On January 23, 2003, Gilead caused Acquisition Sub to merge with and into Triangle, pursuant to which Triangle became a wholly-owned subsidiary of Gilead, and each share of Triangle common stock not accepted for payment by Acquisition Sub in the Offer was, subject to appraisal rights, converted into the right to receive $6.00 in cash, without interest. On January 24, 2003, Gilead issued a press release, which is filed as Exhibit 99.2 hereto and incorporated by reference herein, announcing the effectiveness of the merger of Acquisition Sub with and into Triangle.

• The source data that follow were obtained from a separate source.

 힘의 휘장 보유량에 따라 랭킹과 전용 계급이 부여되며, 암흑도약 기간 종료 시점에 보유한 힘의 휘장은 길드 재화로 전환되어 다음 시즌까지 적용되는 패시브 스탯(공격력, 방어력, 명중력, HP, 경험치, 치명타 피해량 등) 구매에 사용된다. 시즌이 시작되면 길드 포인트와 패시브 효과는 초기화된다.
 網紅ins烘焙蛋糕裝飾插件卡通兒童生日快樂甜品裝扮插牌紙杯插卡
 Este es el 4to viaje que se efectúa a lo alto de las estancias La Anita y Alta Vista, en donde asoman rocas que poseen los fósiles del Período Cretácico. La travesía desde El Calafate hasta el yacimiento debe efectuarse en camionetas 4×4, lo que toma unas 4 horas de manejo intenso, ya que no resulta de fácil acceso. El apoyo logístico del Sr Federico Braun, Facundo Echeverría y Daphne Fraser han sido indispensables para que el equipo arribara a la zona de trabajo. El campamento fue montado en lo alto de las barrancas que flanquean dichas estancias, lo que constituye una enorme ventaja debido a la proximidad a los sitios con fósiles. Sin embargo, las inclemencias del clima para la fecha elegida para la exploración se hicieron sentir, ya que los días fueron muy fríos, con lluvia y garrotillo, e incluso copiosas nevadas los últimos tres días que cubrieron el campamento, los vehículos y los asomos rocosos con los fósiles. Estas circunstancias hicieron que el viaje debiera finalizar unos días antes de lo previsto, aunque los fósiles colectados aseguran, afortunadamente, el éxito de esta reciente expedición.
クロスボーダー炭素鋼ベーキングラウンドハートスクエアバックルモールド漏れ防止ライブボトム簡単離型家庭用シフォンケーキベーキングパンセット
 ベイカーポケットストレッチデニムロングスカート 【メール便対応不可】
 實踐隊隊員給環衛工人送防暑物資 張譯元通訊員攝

(b) Both Gilead and Triangle are pharmaceutical companies active in the development and commercialization of antiviral drug candidates.
ITEM 7. FINANCIAL STATEMENTS AND EXHIBITS
(a) Financial Statements of Businesses Acquired:
The financial statements of Triangle required by this item will be filed by amendment to this Current Report on Form 8-K as soon as practicable, but no later than 60 days after the date this Current Report on Form 8-K is required to be filed.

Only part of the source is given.